Insgesamt sollte eine Erlaubnis für die Einrichtung selektiver Vertriebssysteme eng gehalten werden. Selektive Vertriebssysteme, die zur Beschränkung oder zum Ausschluss von Verkäufen über Internetplattformen führen, sind dann zulässig, wenn ausreichende Rechtfertigungsgründe für eine solche Wettbe­werbsbeschränkung vorliegen. Wie oben dargestellt, kann allein die Wahl des Internets als Vertriebsweg keinesfalls ausreichender Grund für die Zulässigkeit einer Vertriebsvereinbarung sein.

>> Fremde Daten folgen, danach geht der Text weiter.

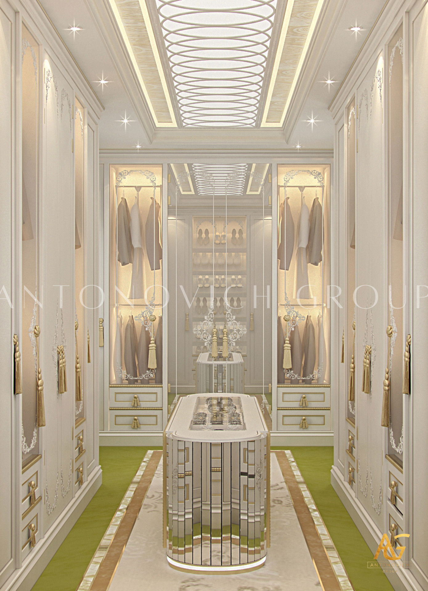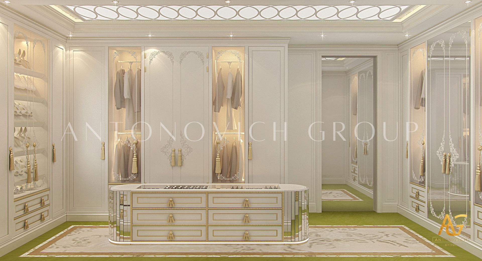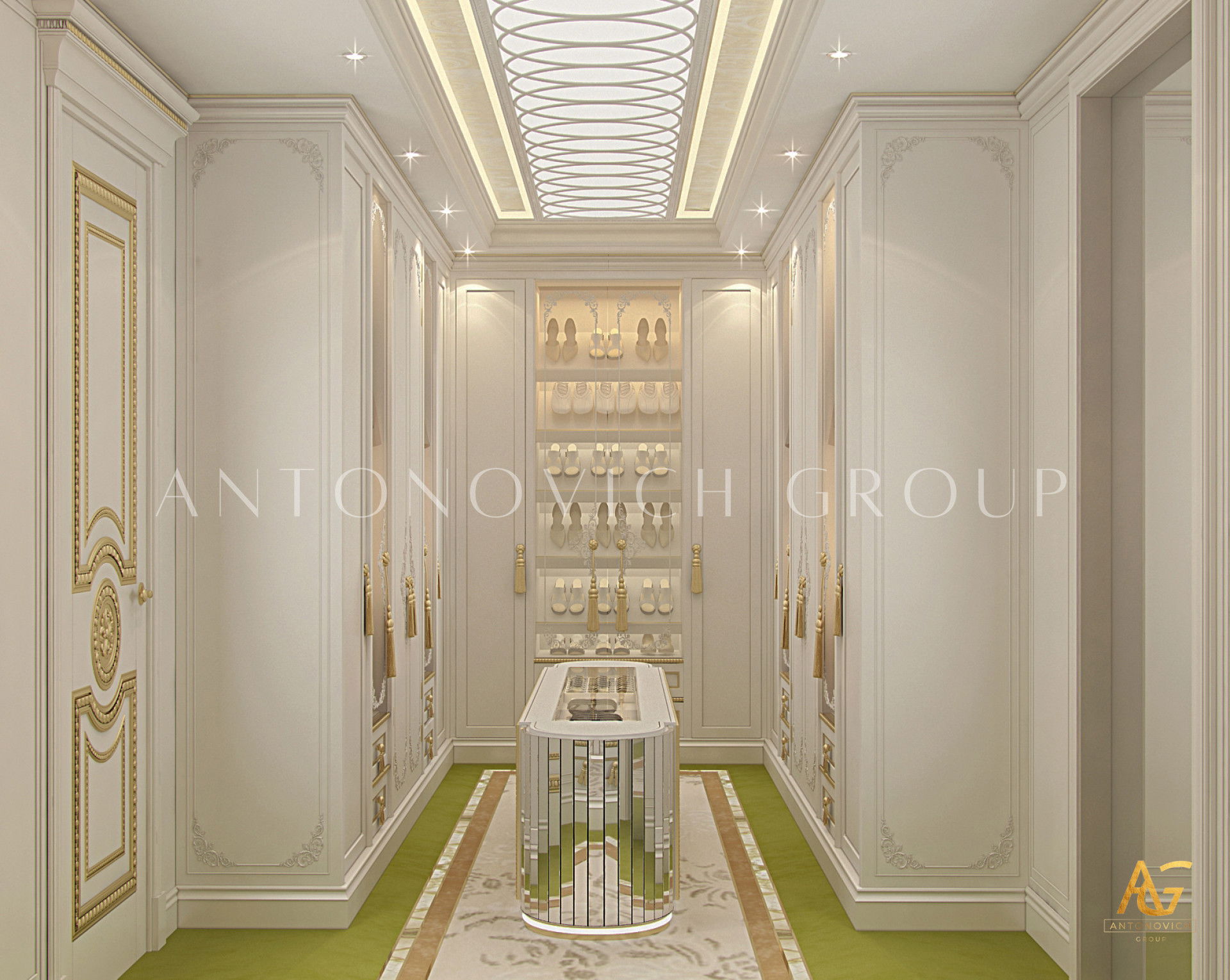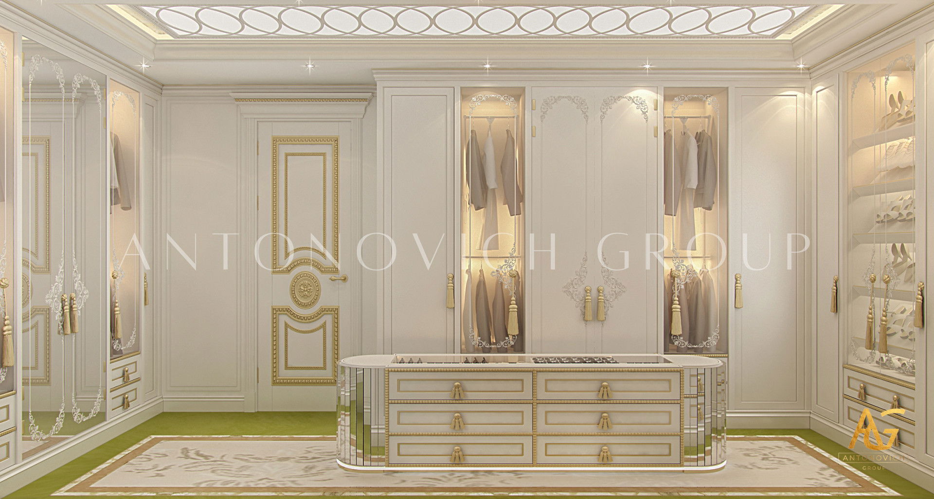 Важно выбрать благородный оттенок. Здесь представлен кремовый интерьер гардеробной, который сохраняет уют и не делает пространство монотонным — такой стиль ценят самые состоятельные в Дубае. Эта работа — дизайн гардеробной в Дубае. Этот проект гардеробной для квартиры демонстрирует продуманную планировку гардеробной комнаты и аккуратно организованы встроенный шкаф-гардероб и полки. Обращает на себя внимание планировка гардеробной комнаты. Здесь виден интерьер гардеробной комнаты. Результат — гардеробная мечты для женщин. Талантливые дизайнеры Антонович Дизайн (Antonovich Design) отвечают за привлекательность интерьер гардеробной комнаты.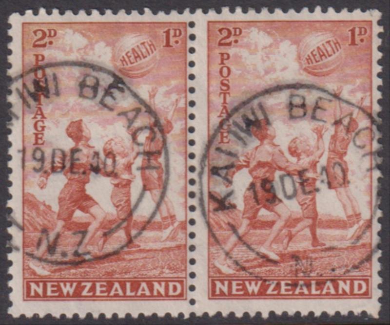 Kai Iwi Beach (WG 1935-48) fine 19 Dec 1940 "J" class cancel on 1940 2d Beachball Health horiz pair. Wooders 6. (Image)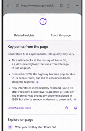 SGE while browsing的主要用意是协助用户浏览网站上的长篇内容,它利用AI来产生条列式的内容摘要,用户只要点击其中的某个摘要,便会连至与该摘要有关的内容。该功能仅限于公开内容,并不适用于具备付费墙的内容。
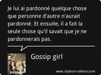 Je lui ai pardonné quelque chose que personne d'autre n'aurait pardonné. Et ensuite, il a fait la seule chose qu'il savait que je ne pardonnerais pas.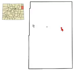 The Jones-Miller site is located in Yuma County, Colorado, 10 miles from the town of Laird in the Republican River basin.[3] The grassland site is located at a 18 inches (46 cm) deep draw that drains into an Arikaree River tributary.[4]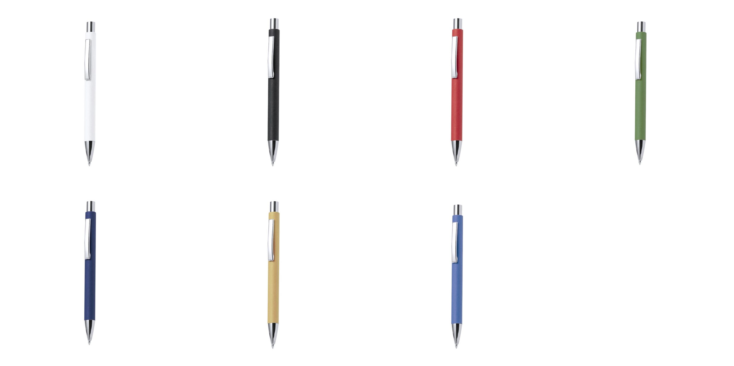 Eleganten kemični svinčnik s pritiskom na gumb, ohišjem iz recikliranega papirja in sijočimi srebrnimi kovinskimi deli. Modro črnilo in široka paleta barv.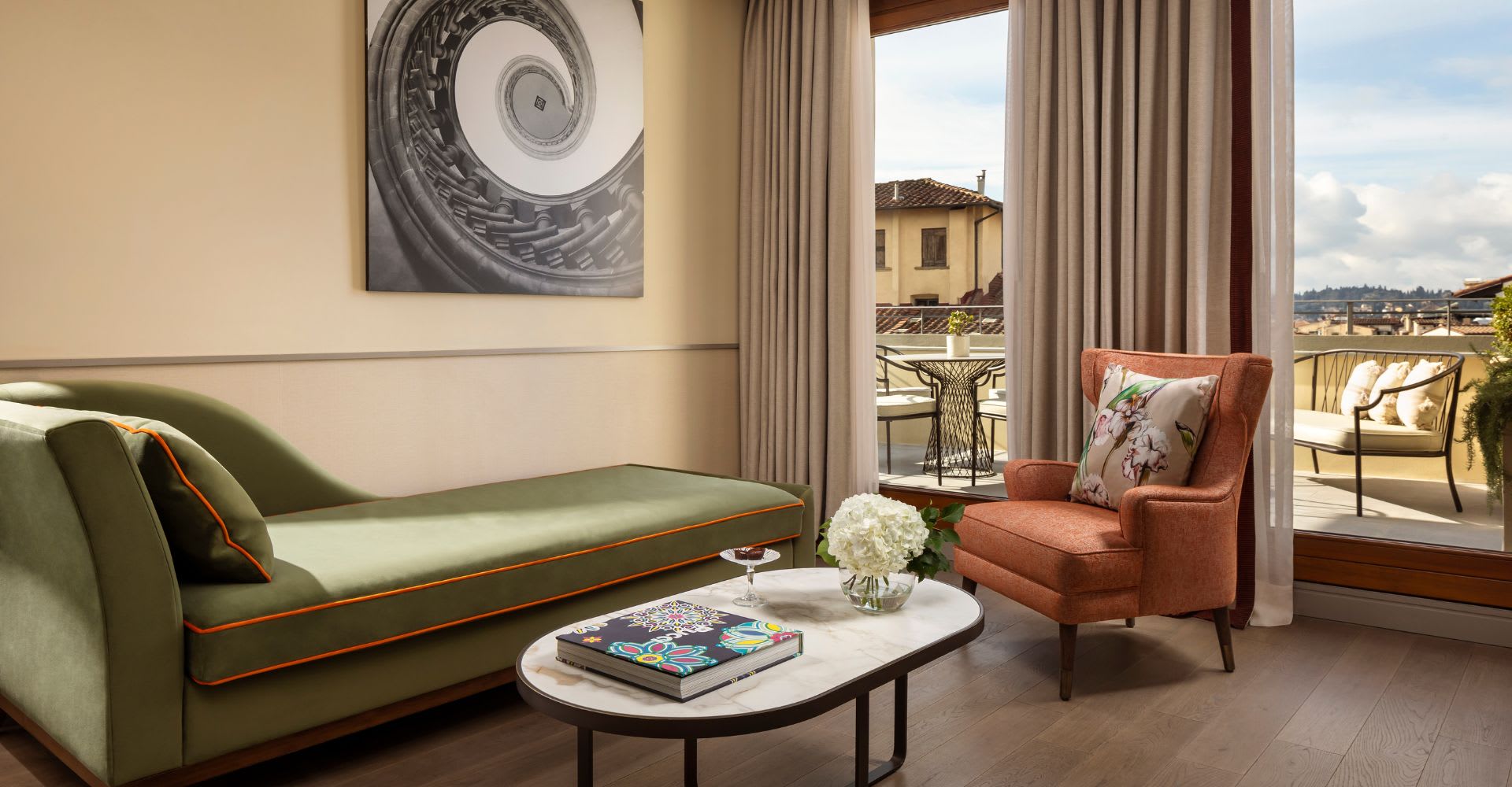 Disponibiliza 86 quartos, incluindo oito suítes, que combinam mobiliário autêntico de época e arte florentina com conforto e funcionalidade contemporâneos. Na gastronomia, o restaurante Terrae oferece uma viagem à cozinha toscana e italiana, liderado pela reconhecida chef executiva italiana, Iside de Cesare, que possui uma estrela Michelin, juntamente com o chef residente Salvatore Canargiu.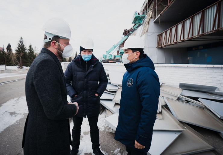 Кульгинов отметил, что во время объезда проверил ход демонтажа аварийных конструкций. После демонтажа власти намерены приступить к строительным работам.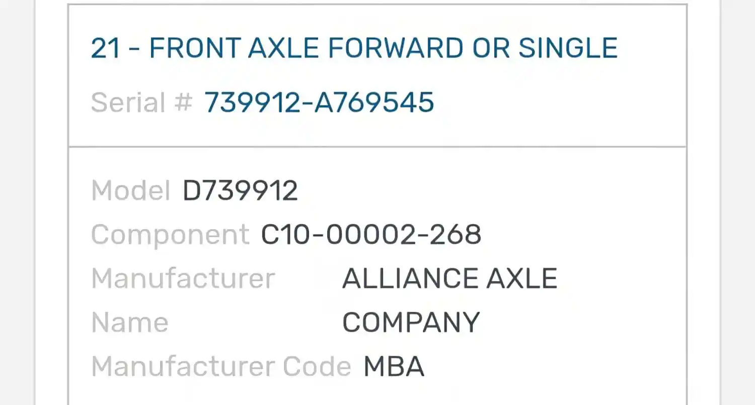 (Used) 2018 Freightliner M2 106, COMPLETE FRONT AXLE- Part Number: C10-00002-268, Serial Number: 739912-A769545, Center Leaf to Center Leaf: 33", Make: Detroit, Model: DA-F-10.0-3, Capacity: 10,000 Lbs, Hub Bolts: 10, Brake Type: Drum, Reference images for condition, ,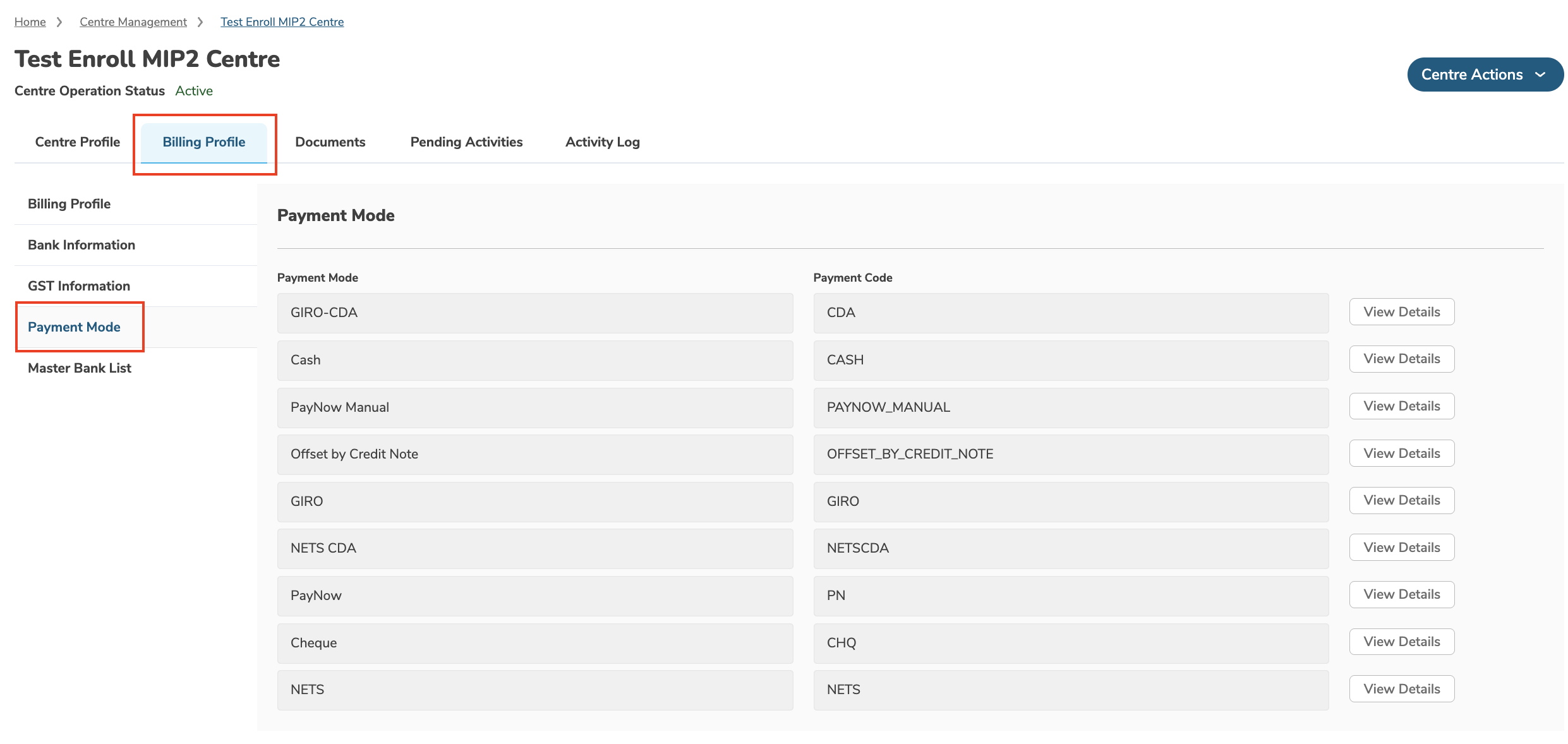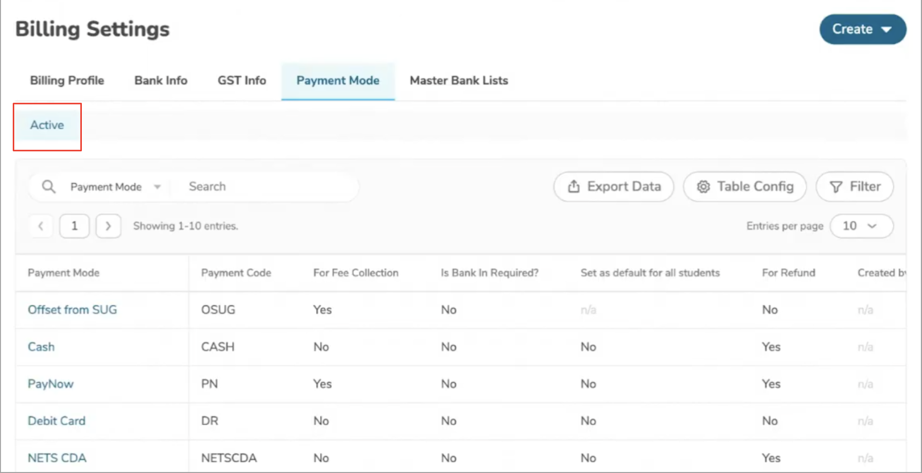 Go to the Payment Mode tab, where you will see a list of all Active Payment Modes.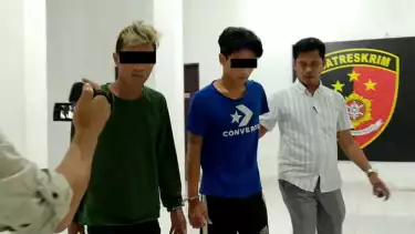 Medan, Sumatera Utara - Petugas Unit Pidum Satreskrim Polrestabes Medan mengamankan dua orang pelaku spesialis jambret yang aksinya viral di sejumlah wilayah Kota Medan. Kasat Reskrim Polrestabes Medan, Kompol Teuku Fathir Mustafa menjelaskan, kedua pelaku merupakan warga Kecamatan Medan Perjuangan bernama Muhammad Asril Mahendra alias Acil (22) dan Dimas Pramuja Hidayat alias Dimas (19).

Denkbarer Rechtfertigungsgrund für einen Ausschluss bestimmter Produkte vom Online-Vertrieb wäre möglicherweise die besondere Beratungsintensität eines Produkts. Eine solche besondere Beratungsintensität wäre zu bejahen, wenn die unsachgemäße Anwendung des Produkts Gesundheitsgefahren für den Verbraucher zur Folge hätte. Ein Beratungserfordernis etwa wegen technischer Komplexität oder eine besonders hohe Qualität eines Produktes sollte zudem durch entsprechende objektive und qualitative Anforderungen an den Vertrieb umgesetzt werden können. Für alltägliche Gebrauchsgüter wie Spielwaren, Uhren oder Haushaltsgeräte ist eine solche Notwendigkeit für intensive Beratung allerdings in vielen Fällen wohl nicht gegeben.